— ASSIGNMENT —
Starting at the line with "[스페셜오더]PRADA-1BG130 프라다 핑크 시어링 테리 토트 백" and going on through the line with "The answer came", reproduce each line in the records below exactly and nothing more.

— PROVIDED INFORMATION —
────

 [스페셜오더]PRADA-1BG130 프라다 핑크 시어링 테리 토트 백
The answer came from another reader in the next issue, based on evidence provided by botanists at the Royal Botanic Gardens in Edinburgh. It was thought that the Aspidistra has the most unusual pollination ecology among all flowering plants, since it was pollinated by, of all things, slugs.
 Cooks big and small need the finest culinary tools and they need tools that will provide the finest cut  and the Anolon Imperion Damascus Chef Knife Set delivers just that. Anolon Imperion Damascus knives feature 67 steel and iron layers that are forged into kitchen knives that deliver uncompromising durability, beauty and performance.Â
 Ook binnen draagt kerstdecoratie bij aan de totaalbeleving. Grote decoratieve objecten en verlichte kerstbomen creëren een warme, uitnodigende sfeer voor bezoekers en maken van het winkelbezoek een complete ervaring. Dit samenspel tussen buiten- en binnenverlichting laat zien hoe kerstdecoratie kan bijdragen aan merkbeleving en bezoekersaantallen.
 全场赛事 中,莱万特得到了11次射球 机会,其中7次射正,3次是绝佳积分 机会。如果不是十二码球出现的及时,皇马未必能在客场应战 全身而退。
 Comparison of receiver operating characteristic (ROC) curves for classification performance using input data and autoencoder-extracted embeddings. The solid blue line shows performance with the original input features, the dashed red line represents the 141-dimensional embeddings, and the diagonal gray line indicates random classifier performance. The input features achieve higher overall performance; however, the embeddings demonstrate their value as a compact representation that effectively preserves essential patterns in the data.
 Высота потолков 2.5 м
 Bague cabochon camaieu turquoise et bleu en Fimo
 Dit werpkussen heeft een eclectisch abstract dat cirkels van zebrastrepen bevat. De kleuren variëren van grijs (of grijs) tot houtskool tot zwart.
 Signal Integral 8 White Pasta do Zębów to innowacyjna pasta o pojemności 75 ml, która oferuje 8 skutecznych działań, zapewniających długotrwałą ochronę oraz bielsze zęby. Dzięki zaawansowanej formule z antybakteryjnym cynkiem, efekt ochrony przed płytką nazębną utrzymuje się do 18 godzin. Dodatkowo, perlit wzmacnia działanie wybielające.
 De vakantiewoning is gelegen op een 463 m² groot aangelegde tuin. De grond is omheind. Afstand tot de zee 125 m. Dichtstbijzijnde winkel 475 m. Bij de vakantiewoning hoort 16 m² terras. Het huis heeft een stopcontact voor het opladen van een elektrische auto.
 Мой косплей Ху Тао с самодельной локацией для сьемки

────

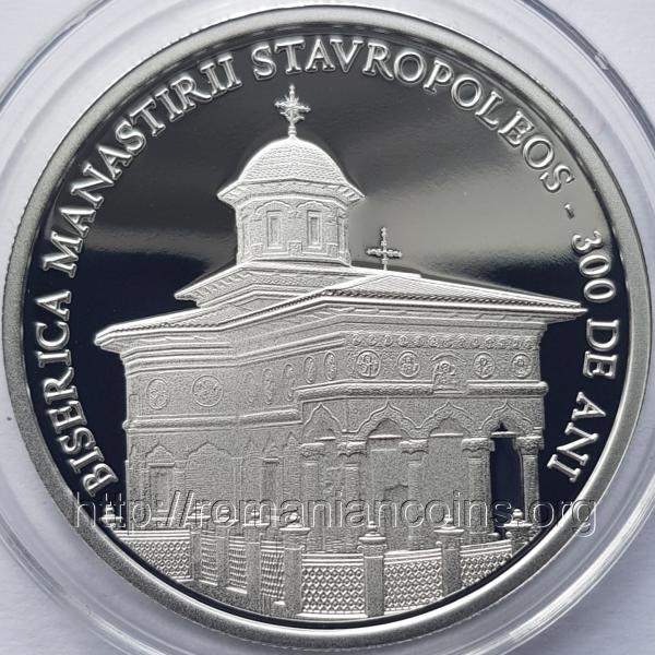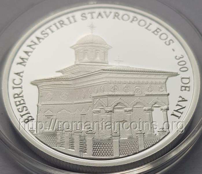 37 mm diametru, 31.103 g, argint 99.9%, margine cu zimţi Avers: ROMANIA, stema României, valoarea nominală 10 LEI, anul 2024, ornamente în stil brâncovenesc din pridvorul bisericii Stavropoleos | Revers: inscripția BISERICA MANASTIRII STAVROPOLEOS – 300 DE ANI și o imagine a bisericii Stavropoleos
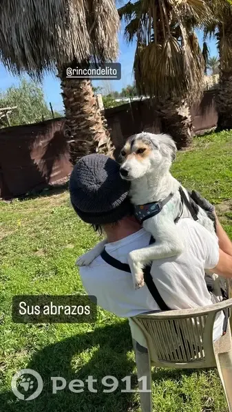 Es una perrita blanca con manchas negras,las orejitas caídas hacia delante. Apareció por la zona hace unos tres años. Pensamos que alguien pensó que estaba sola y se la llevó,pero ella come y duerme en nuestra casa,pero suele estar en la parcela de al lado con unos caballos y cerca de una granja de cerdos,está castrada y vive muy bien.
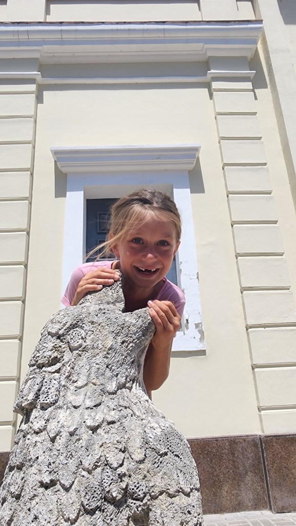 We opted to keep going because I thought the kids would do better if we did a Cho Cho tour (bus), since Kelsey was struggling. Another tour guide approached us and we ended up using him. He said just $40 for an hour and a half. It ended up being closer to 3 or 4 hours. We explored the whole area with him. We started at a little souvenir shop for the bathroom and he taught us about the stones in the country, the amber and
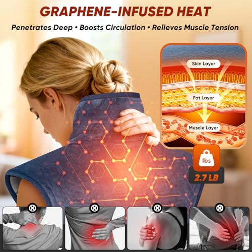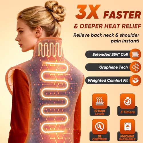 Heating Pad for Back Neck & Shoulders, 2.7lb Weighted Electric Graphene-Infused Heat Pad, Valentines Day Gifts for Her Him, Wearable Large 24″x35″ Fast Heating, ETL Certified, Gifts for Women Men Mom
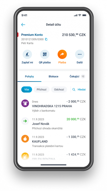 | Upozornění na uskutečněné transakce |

────

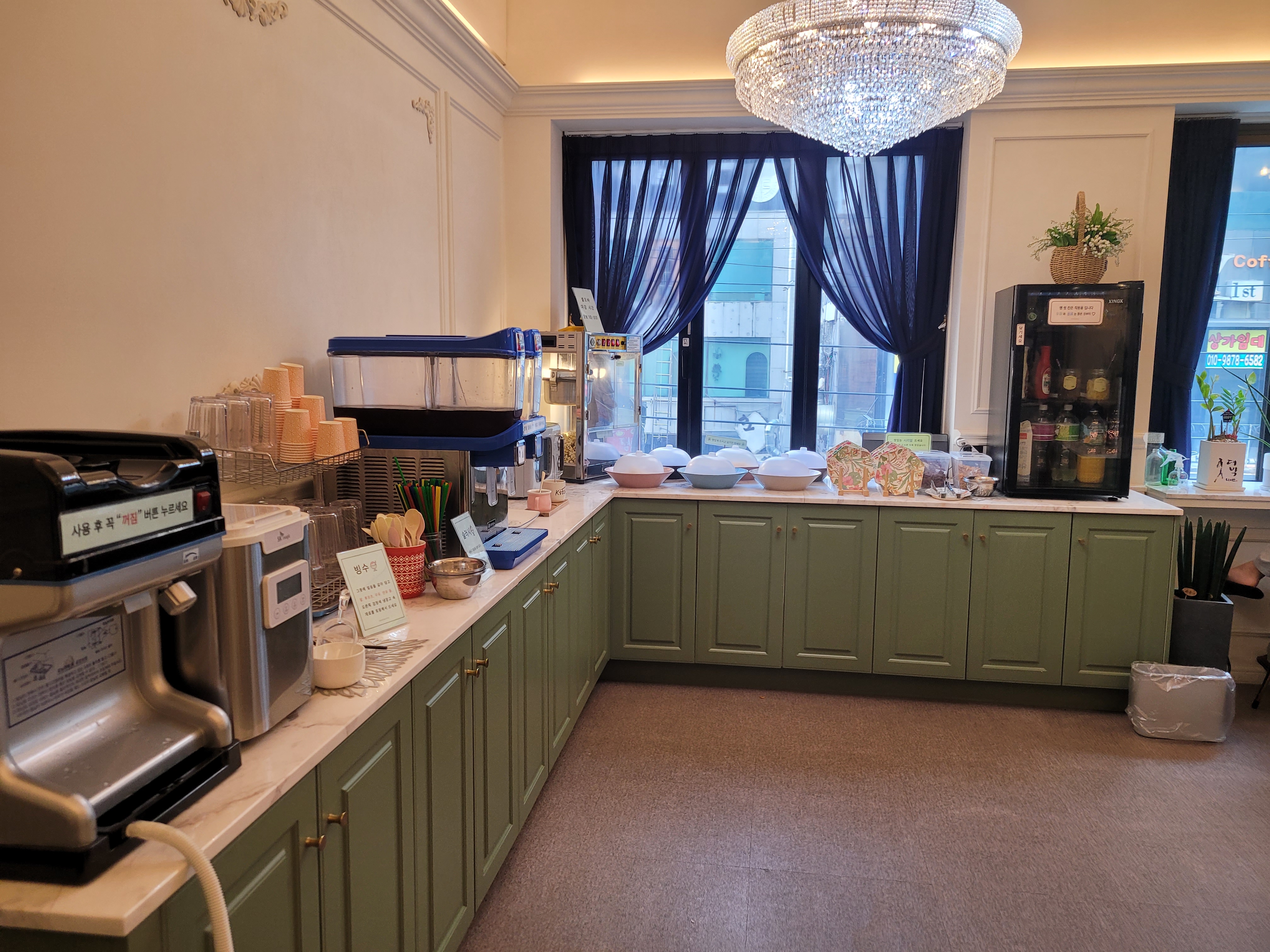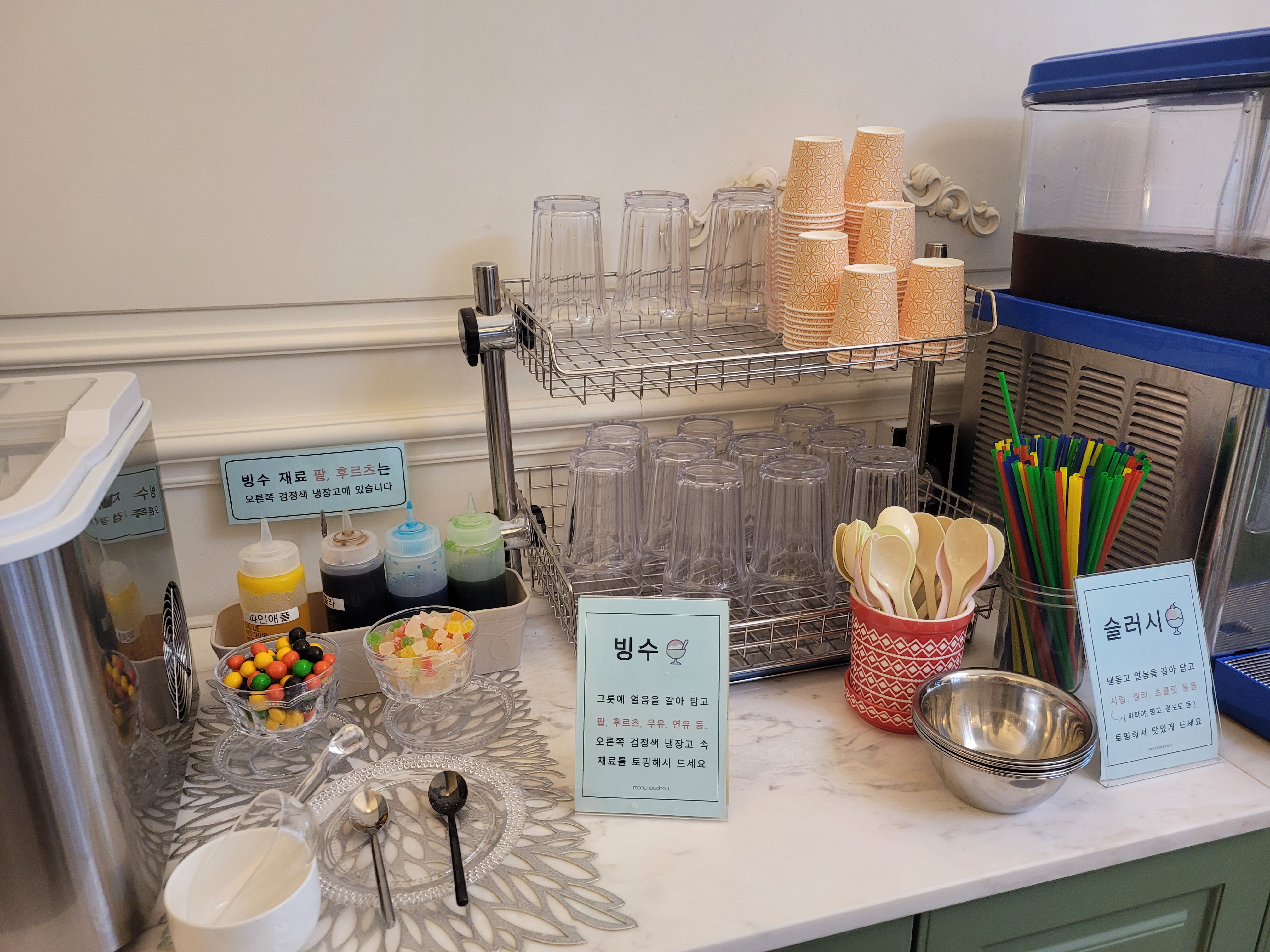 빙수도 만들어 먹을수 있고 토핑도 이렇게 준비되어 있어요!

────

— RESULT —
 [스페셜오더]PRADA-1BG130 프라다 핑크 시어링 테리 토트 백
The answer came from another reader in the next issue, based on evidence provided by botanists at the Royal Botanic Gardens in Edinburgh. It was thought that the Aspidistra has the most unusual pollination ecology among all flowering plants, since it was pollinated by, of all things, slugs.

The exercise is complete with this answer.